While the inclusion of psychological violence could be seen as progressive, the proposed definition has been criticised. Julia Broussard, country programme manager for UN Women, said that “our concern is that some of the violence is not going to be addressed”. The main motivation for this concern is that the definition will only acknowledge violence in family relations. Any violence between unmarried, cohabitating or divorced couples will not be covered, arguably leaving a gap in the law. Additionally, Zhang Rongli, a lawyer at China Women’s University in Beijing, argues that the term is too narrow because “sexual and economic violence are not included.” While the definition appears to cover some forms of sexual violence which can be considered physical or emotional, economic abuse will not generally fall into these categories.

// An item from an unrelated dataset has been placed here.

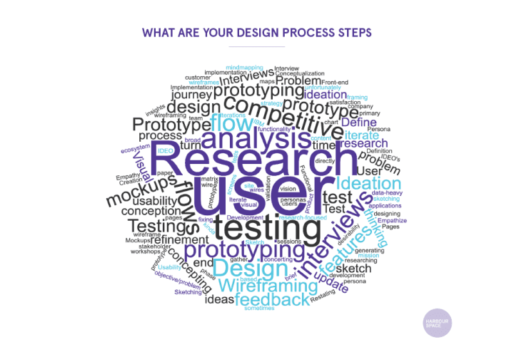 The words Research, User, Analysis, Prototyping and Testing are prominent in the word cloud. Those are the steps of a UX design process that UX designers jointly - and unknowingly - agree upon.

A further criticism has been levelled at the proposed methods of streamlining the procedure for restraining orders. This is due to the requirement that a victim who is granted a restraining order will have to begin a lawsuit within 30 days of the order being granted or it would lapse. Broussard argues that this is problematic because “victims are not necessarily at that point of seeking divorce or some other kind of legal action that would be required to maintain the legal protection ruling”. To lapse a protective order after such a relatively short period of time could, therefore, be viewed as a failure of the law to properly account for the situation of the victims.
While the draft legislation is clearly a step in the right direction for Chinese domestic law, it is not perfect. It is also not certain these proposals will materialise. Citizens have a month to tell the government what they think of the draft before it enters the legislative process. Thus there are still many opportunities for the draft to change form.